Our global presence allows you to manufacture and deliver your therapeutic to patients worldwide, starting with access to North American, European, and Japanese markets.

Our capabilities, coupled with our talented scientists and biomedical engineers, are here to support you in every stage of your clinical manufacturing development and commercialization.

All of our GMP manufacturing facilities offer cell and tissue cryogenic storage rooms with controlled access, live facility and equipment monitoring with automated alarm call-out, and UPS connection, ensuring the highest level of quality control and risk mitigation for product storage. In addition to CERs and cryostorage rooms, our facilities house GMP-compliant material management facilities, QC and analytical laboratories, as well as product and process development laboratories.

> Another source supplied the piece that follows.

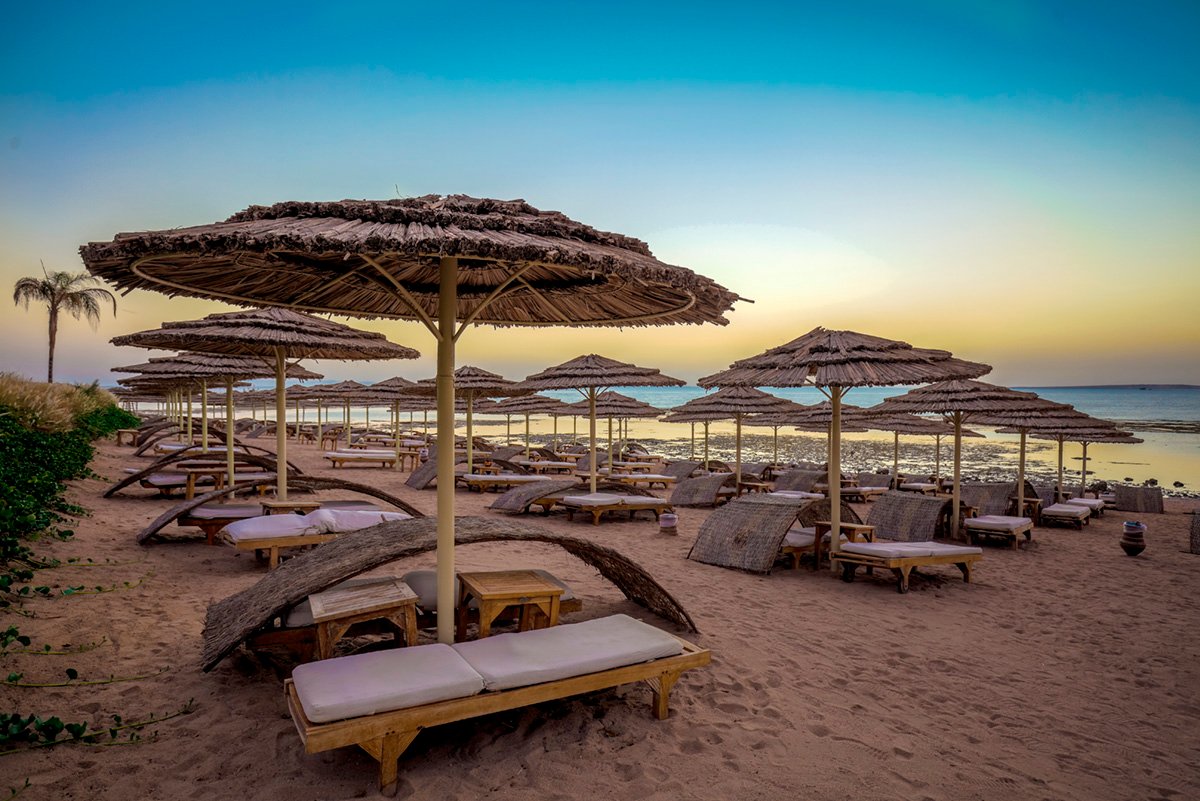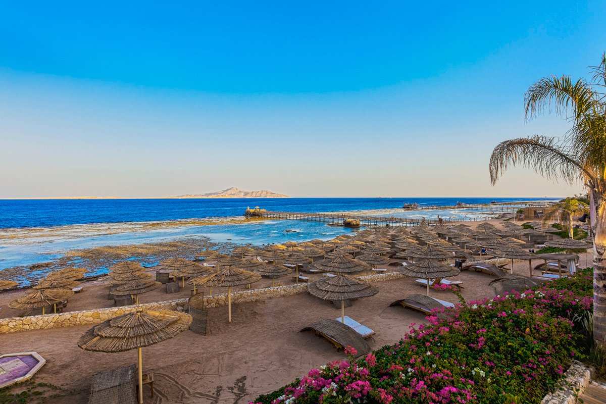 prywatna, piaszczysto-żwirkowa, rafa koralowa, łagodne, miejscami kamieniste zejście do morza, zalecane obuwie ochronne, pomost, bezpośrednio przy hotelu (do 300 m - zależnie od zakwaterowania), bezpłatne parasole, leżaki, materace i ręczniki.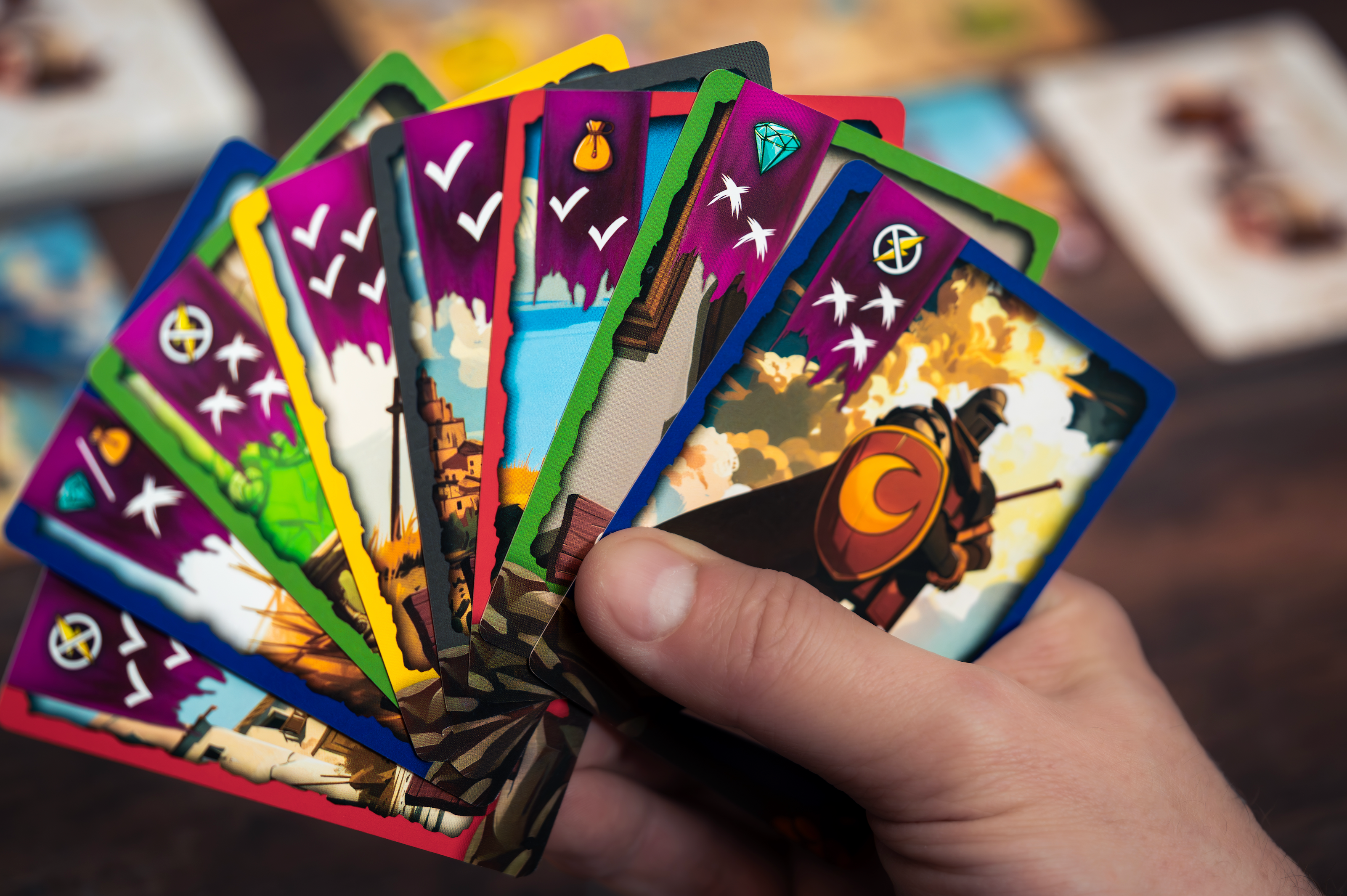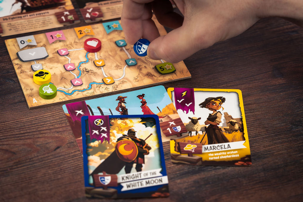 The twist: the more the knight progresses in one track, the more valuable your contributions to that track are, in a set collection mechanics where sets change value dynamically. Can you outwit the other players, anticipating what their next move will be, while not giving away your focus?

Our U.S. facilities hold all requisite licensures and maintain GMP-compliant quality systems

Our European facilities are compliant with all EU regulations and general FDA guidelines, hold all licenses for different types of complex cell and gene therapy products falling under the EU definition of Advanced Therapy Medicinal Products (ATMP).

Our Yokohama facility is compliant with Japanese GCTP regulations (PMDA) and is authorized to manufacture regenerative medicine products.